Metamath Proof Explorer

Theorem rpxdivcld

Description: Closure law for extended division of positive reals. (Contributed by Thierry Arnoux, 18-Dec-2016)

Ref Expression
Hypotheses rpxdivcld.1 
|- ( ph -> A e. RR+ )
rpxdivcld.2 
|- ( ph -> B e. RR+ )
Assertion rpxdivcld 
|- ( ph -> ( A /e B ) e.
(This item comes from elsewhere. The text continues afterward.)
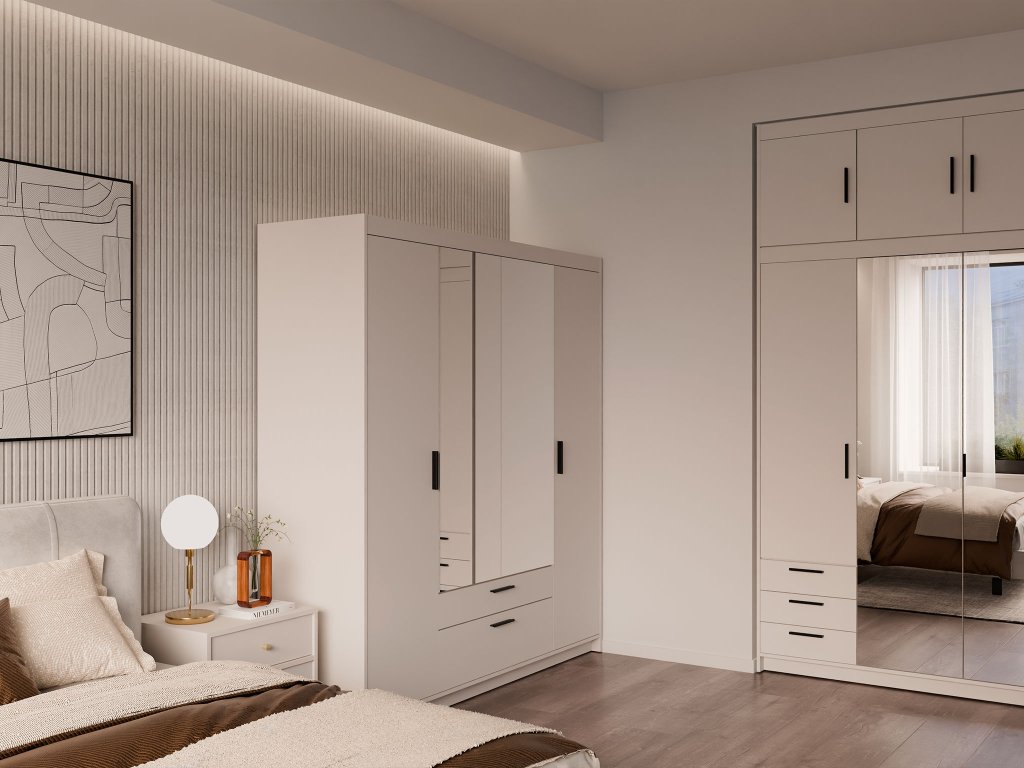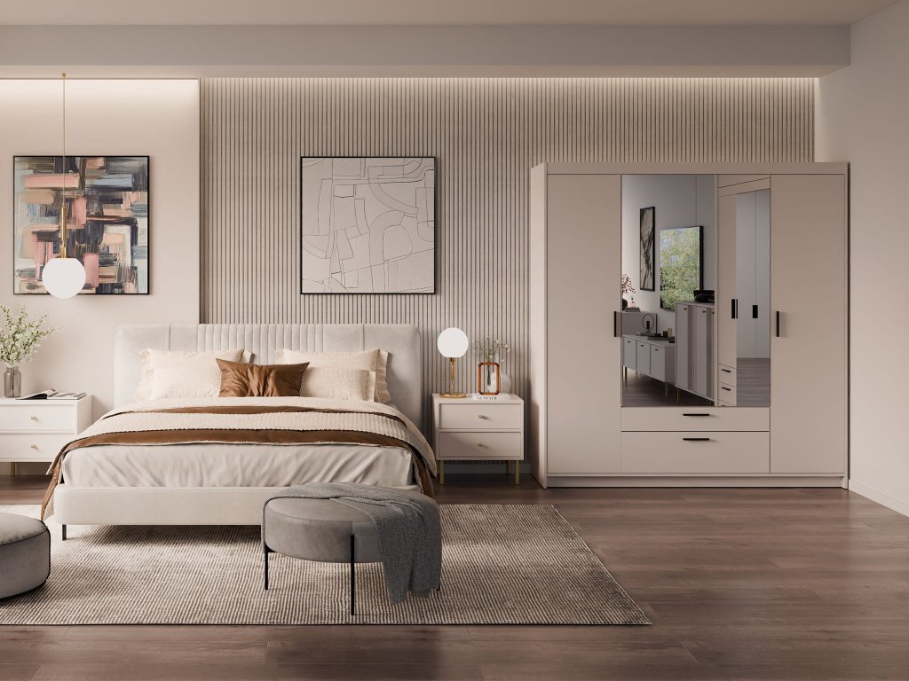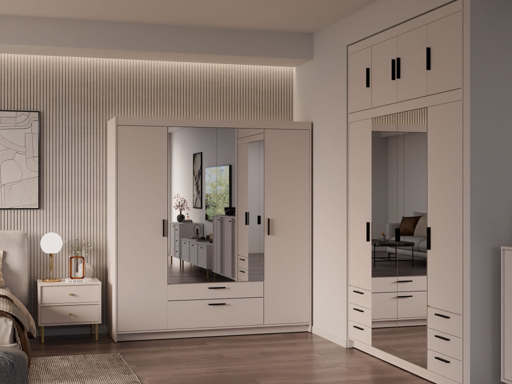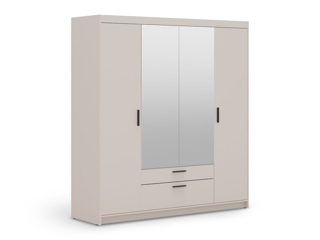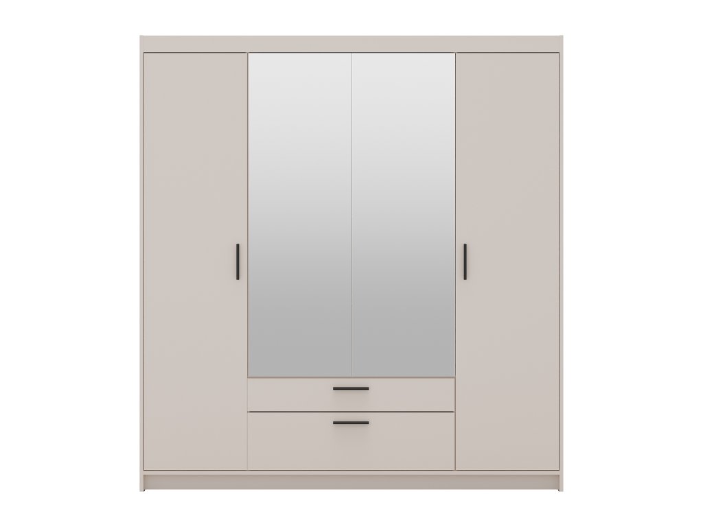 Ak hľadáte funkčný a zároveň estetický nábytok, štvordverová šatníková skriňa so zrkadlom Elenas v pieskovom prevedení je ideálnou voľbou pre váš interiér. Tento moderný odtieň pôsobí mimoriadne svetlo a elegantne, vďaka čomu opticky zväčší aj menšiu spálňu, študentskú izbu či predsieň. Dominantným prvkom sú stredové dvere so zrkadlom, ktoré nielen uľahčujú každodennú kontrolu outfitu, ale do miestnosti vnášajú žiadanú vzdušnosť a prirodzené svetlo. Nadčasový vzhľad skrine v pieskovom dekore je navrhnutý tak, aby harmonicky ladil s trendmi moderného bývania a zároveň poskytoval pocit maximálneho poriadku.

RR+ )

Proof

Step Hyp Ref Expression
1 rpxdivcld.1 
 |-  ( ph -> A e. RR+ )
2 rpxdivcld.2 
 |-  ( ph -> B e. RR+ )
3 1 rpred 
 |-  ( ph -> A e. RR )
4 2 rpred 
 |-  ( ph -> B e. RR )
5 2 rpne0d 
 |-  ( ph -> B =/= 0 )
6 rexdiv 
 |-  ( ( A e. RR /\ B e. RR /\ B =/= 0 ) -> ( A /e B ) = ( A / B ) )
7 3 4 5 6 syl3anc 
 |-  ( ph -> ( A /e B ) = ( A / B ) )
8 1 2 rpdivcld 
 |-  ( ph -> ( A / B ) e. RR+ )
9 7 8 eqeltrd 
 |-  ( ph -> ( A /e B ) e. RR+ )